Shoppers walk through the Westfield San Francisco Centre on April 13, 2022 in San Francisco, California.
San Fransisco's downtown area has suffered since the COVID-19 pandemic. Recently, the operator of the Westfield Mall gave up control of the mall.Justin Sullivan/Getty Images

The San Fransisco Westfield Mall was included on Breed’s shortlist. The commercial real-estate conglomerate, which has been operating the mall for over two decades, began ceding control of the mall in June.

The company cited “the challenging operating conditions in downtown San Fransisco, which have led to declines in sales, occupancy and foot traffic,” according to a statement in June.

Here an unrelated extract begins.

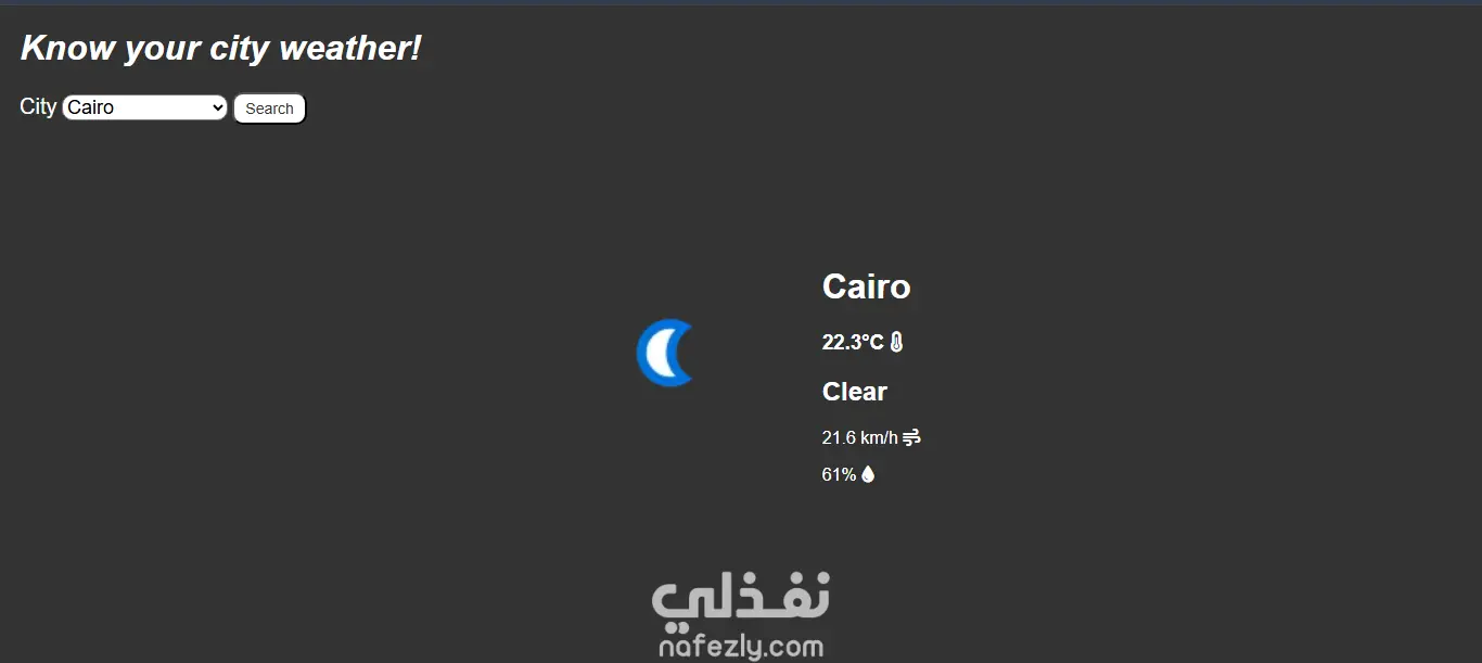 تطبيق يقوم بعرض الطقس بناء علي اختيار المستخدم للمدينة في دولة مصر يعتمد علي فكرة ارسال طلبات لAPI خاص بموقع ما وعرض البيانات في الموقع كما يتميز بالتجاوب مع مختلف احجام الشاشات طُورَ باستخدام كل من: 1- HTML and CSS 2- Python with Django Framework

Breed floated the idea of tearing down structures — including the mall — and replacing them with something that would bring back pre-COVID-19 pandemic foot traffic.

“You can convert certain spaces. A Westfield Mall could become something completely different than what it currently is,” Breed said. “We can even tear down the whole building and build a whole new soccer stadium. We can create lab space or look at it as another company in some other capacity.” 

Less than two weeks before Westfield’s operators announced it would be cutting its ties, the owner of the largest hotel in the city stopped paying its $725 million debt.

Real estate investment firm Park Hotels & Resorts, which owns the Hilton San Fransico Union Square and Parc 55 hotels, cited its desire to “materially reduce our current exposure to the San Francisco market.”

The firm added that it is leaving primarily because of concerns over street conditions and office vacancy rates.

Office vacancies in the city have reached a 30-year-high, according to CNN.

In February, the city released a “Roadmap to Downtown San Fransisco’s Future,” which focused on initiatives to rebuild the city. The plan featured proposals to designate an Arts, Culture and Entertainment Zone, improve transportation downtown and delay a 50% tax increase this year.

“Would I like for everyone to come back to the office five days a week? Of course, I would. But is that going to happen? Probably not," Breed said Thursday.

"So, let’s make some adjustments to do everything we can to reimagine what parts of San Francisco can be."